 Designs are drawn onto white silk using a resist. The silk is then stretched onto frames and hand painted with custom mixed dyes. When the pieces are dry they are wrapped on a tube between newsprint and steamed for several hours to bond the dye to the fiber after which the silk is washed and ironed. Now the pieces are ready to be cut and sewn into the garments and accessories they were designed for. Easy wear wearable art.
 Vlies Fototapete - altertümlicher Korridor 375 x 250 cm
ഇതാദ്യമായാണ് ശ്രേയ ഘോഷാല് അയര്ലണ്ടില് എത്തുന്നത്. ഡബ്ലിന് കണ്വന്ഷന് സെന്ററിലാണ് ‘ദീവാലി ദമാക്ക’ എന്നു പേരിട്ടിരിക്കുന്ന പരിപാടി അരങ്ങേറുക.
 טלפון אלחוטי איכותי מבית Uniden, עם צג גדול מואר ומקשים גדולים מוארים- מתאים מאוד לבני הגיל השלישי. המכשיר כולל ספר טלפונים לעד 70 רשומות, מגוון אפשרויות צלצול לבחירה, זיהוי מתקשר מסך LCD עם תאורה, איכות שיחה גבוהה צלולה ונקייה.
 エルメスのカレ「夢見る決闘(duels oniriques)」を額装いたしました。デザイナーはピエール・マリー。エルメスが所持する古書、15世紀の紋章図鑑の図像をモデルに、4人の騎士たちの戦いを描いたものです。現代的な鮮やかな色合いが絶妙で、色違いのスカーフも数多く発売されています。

────────────────────

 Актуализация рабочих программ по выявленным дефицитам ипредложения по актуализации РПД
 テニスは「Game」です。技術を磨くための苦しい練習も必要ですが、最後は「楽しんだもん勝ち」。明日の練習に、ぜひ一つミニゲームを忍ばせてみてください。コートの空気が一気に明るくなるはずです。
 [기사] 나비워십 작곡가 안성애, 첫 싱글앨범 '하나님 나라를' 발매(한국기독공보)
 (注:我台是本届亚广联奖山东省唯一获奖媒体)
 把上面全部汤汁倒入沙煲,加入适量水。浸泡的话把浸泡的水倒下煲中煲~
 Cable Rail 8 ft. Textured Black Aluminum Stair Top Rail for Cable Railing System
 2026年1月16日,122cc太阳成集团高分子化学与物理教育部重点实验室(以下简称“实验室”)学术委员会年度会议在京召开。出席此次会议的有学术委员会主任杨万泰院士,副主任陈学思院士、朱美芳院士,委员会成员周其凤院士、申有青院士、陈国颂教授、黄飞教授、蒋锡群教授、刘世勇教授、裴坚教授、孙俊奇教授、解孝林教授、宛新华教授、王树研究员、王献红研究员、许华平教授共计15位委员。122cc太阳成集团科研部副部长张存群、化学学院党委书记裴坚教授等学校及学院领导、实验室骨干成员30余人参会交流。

────────────────────

### TASK REQUIREMENTS
Out of the material above, output word for word the line with "Designs are drawn", the line with "エルメスのカレ「夢見る決闘(duels onirique", and all lines between them, with nothing else.

### RESPONSE
 Designs are drawn onto white silk using a resist. The silk is then stretched onto frames and hand painted with custom mixed dyes. When the pieces are dry they are wrapped on a tube between newsprint and steamed for several hours to bond the dye to the fiber after which the silk is washed and ironed. Now the pieces are ready to be cut and sewn into the garments and accessories they were designed for. Easy wear wearable art.
 Vlies Fototapete - altertümlicher Korridor 375 x 250 cm
ഇതാദ്യമായാണ് ശ്രേയ ഘോഷാല് അയര്ലണ്ടില് എത്തുന്നത്. ഡബ്ലിന് കണ്വന്ഷന് സെന്ററിലാണ് ‘ദീവാലി ദമാക്ക’ എന്നു പേരിട്ടിരിക്കുന്ന പരിപാടി അരങ്ങേറുക.
 טלפון אלחוטי איכותי מבית Uniden, עם צג גדול מואר ומקשים גדולים מוארים- מתאים מאוד לבני הגיל השלישי. המכשיר כולל ספר טלפונים לעד 70 רשומות, מגוון אפשרויות צלצול לבחירה, זיהוי מתקשר מסך LCD עם תאורה, איכות שיחה גבוהה צלולה ונקייה.
 エルメスのカレ「夢見る決闘(duels oniriques)」を額装いたしました。デザイナーはピエール・マリー。エルメスが所持する古書、15世紀の紋章図鑑の図像をモデルに、4人の騎士たちの戦いを描いたものです。現代的な鮮やかな色合いが絶妙で、色違いのスカーフも数多く発売されています。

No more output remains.